SOURCE MATERIAL =>
========
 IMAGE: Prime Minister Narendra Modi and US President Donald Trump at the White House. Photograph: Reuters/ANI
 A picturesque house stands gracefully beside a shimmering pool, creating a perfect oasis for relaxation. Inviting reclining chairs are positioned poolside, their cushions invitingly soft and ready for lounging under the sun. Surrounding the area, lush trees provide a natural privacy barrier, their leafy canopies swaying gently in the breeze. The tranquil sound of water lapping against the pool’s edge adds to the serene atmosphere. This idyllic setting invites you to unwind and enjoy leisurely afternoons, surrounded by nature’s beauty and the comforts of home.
========
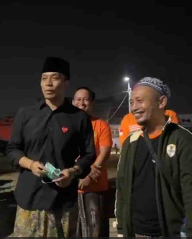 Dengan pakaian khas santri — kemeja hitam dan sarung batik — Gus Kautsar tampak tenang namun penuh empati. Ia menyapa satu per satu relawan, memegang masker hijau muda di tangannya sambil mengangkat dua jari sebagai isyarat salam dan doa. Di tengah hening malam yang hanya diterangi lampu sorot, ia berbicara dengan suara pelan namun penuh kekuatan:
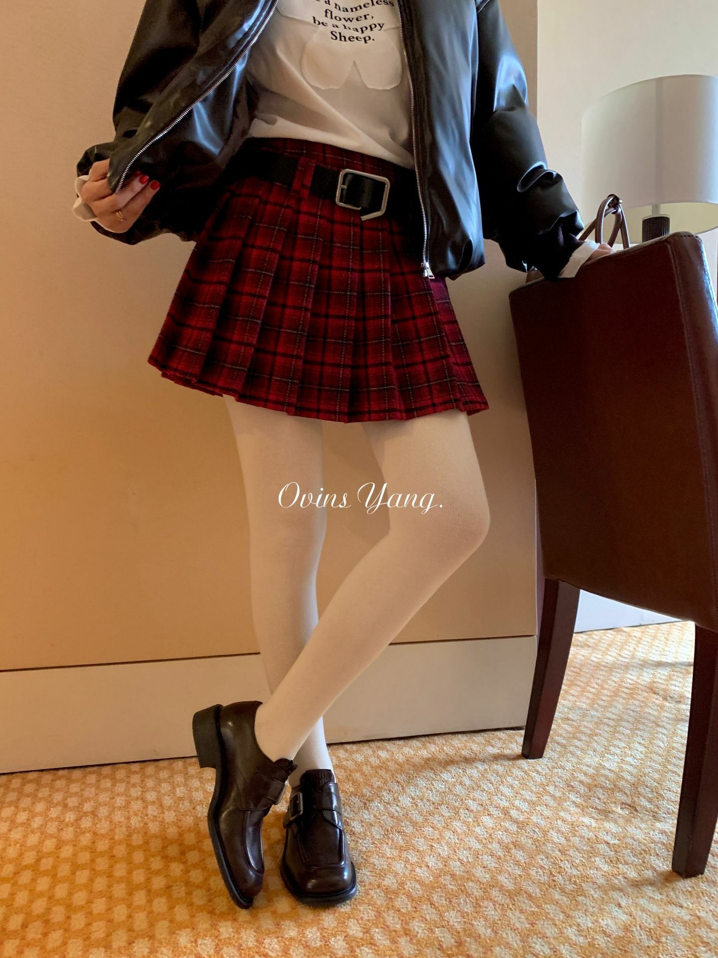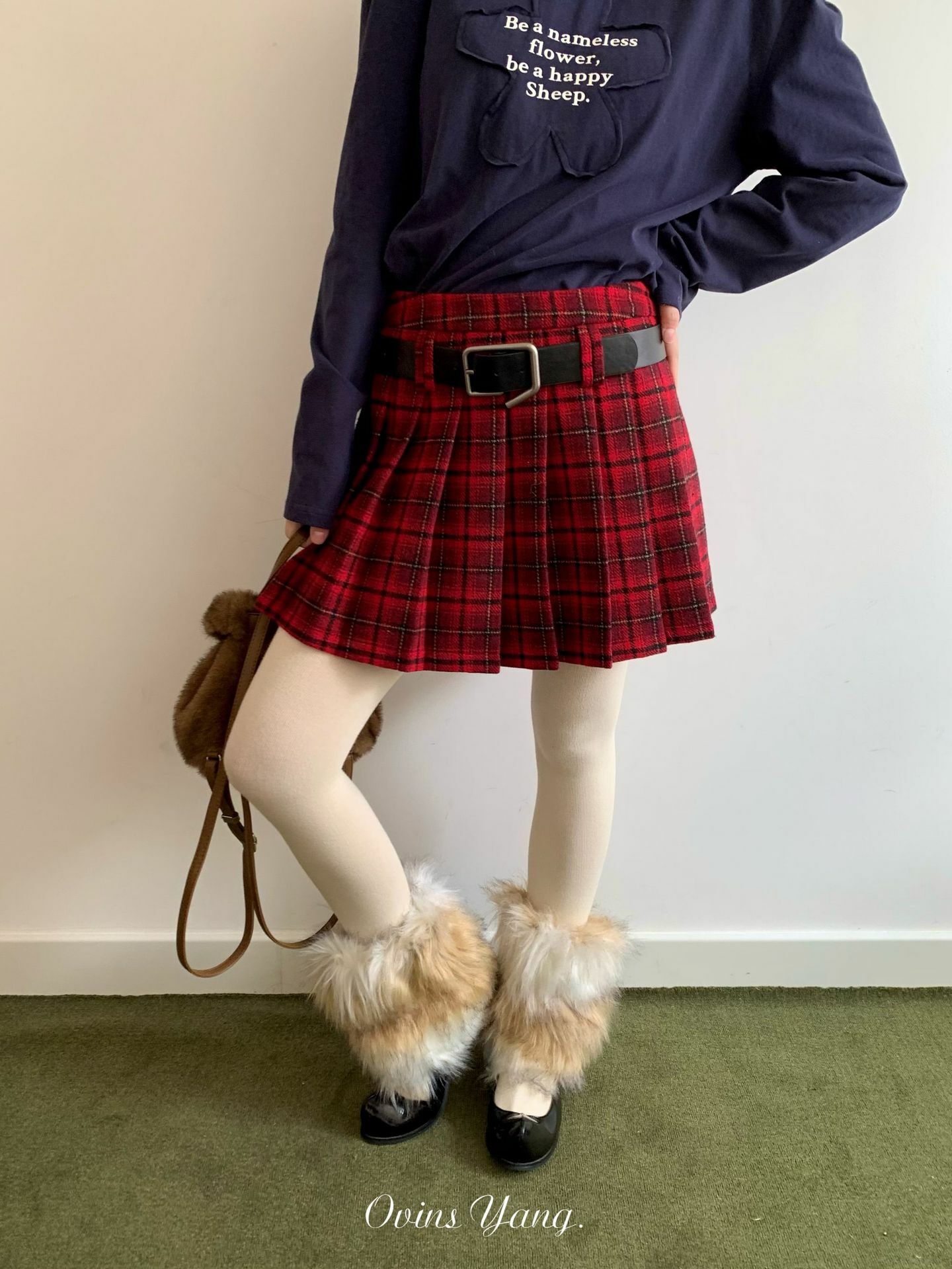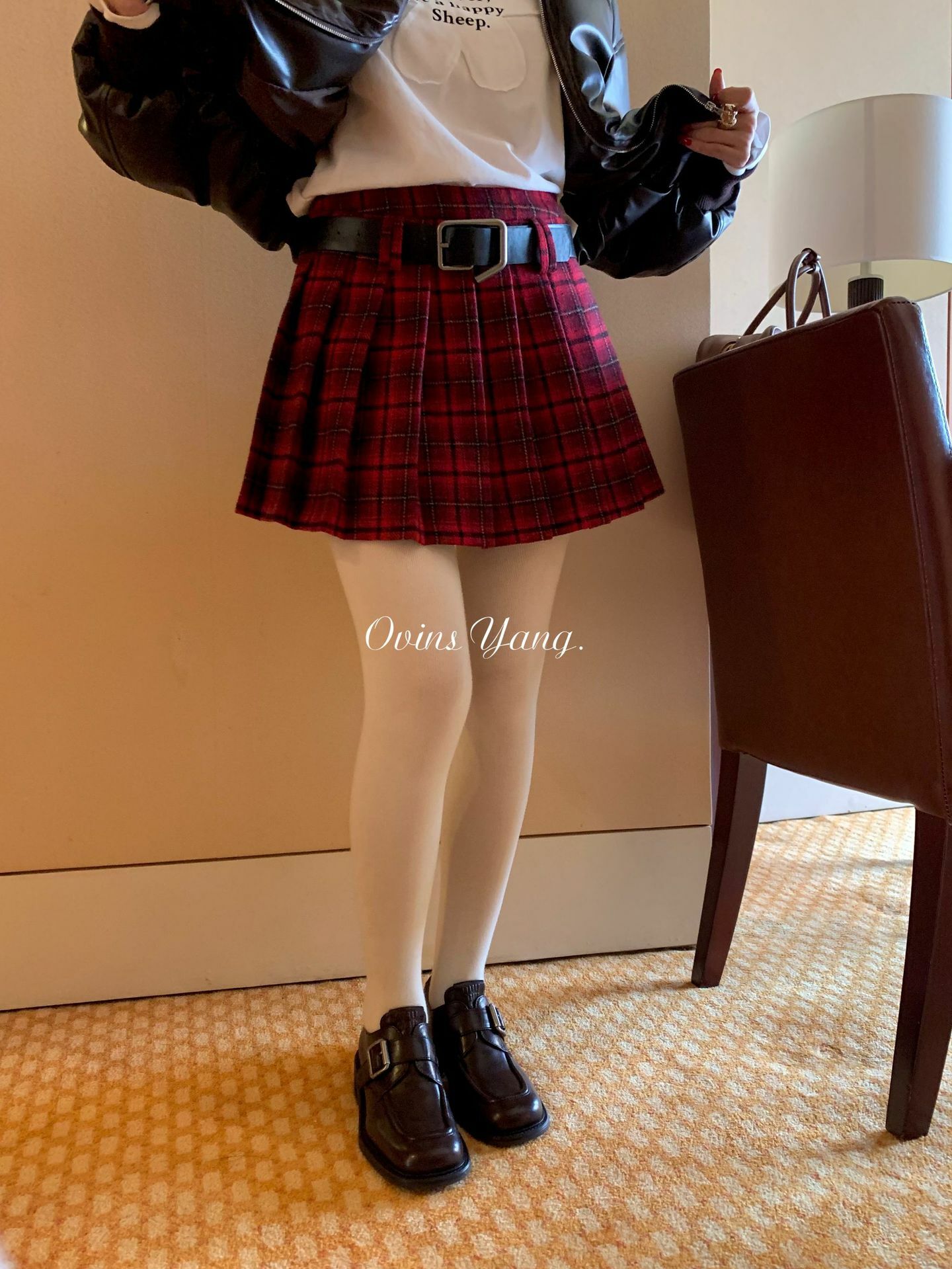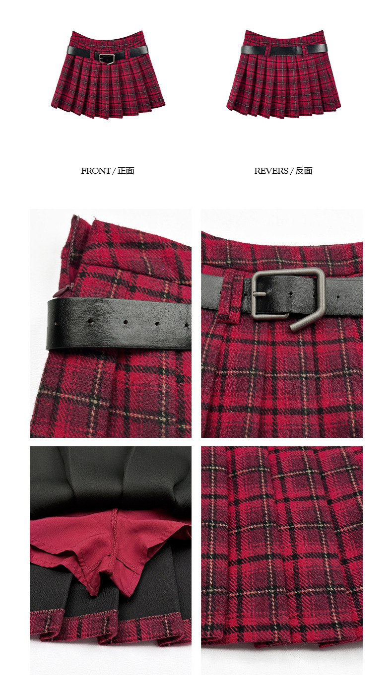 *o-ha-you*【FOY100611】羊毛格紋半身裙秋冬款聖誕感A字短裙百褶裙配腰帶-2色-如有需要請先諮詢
========
BRIEF =>
Repeat, exactly as they stand above, the lines from the line with "IMAGE: Prime Minister" to the line with "A picturesque house", both lines included.

OUTPUT OF THE TASK =>
 IMAGE: Prime Minister Narendra Modi and US President Donald Trump at the White House. Photograph: Reuters/ANI
 A picturesque house stands gracefully beside a shimmering pool, creating a perfect oasis for relaxation. Inviting reclining chairs are positioned poolside, their cushions invitingly soft and ready for lounging under the sun. Surrounding the area, lush trees provide a natural privacy barrier, their leafy canopies swaying gently in the breeze. The tranquil sound of water lapping against the pool’s edge adds to the serene atmosphere. This idyllic setting invites you to unwind and enjoy leisurely afternoons, surrounded by nature’s beauty and the comforts of home.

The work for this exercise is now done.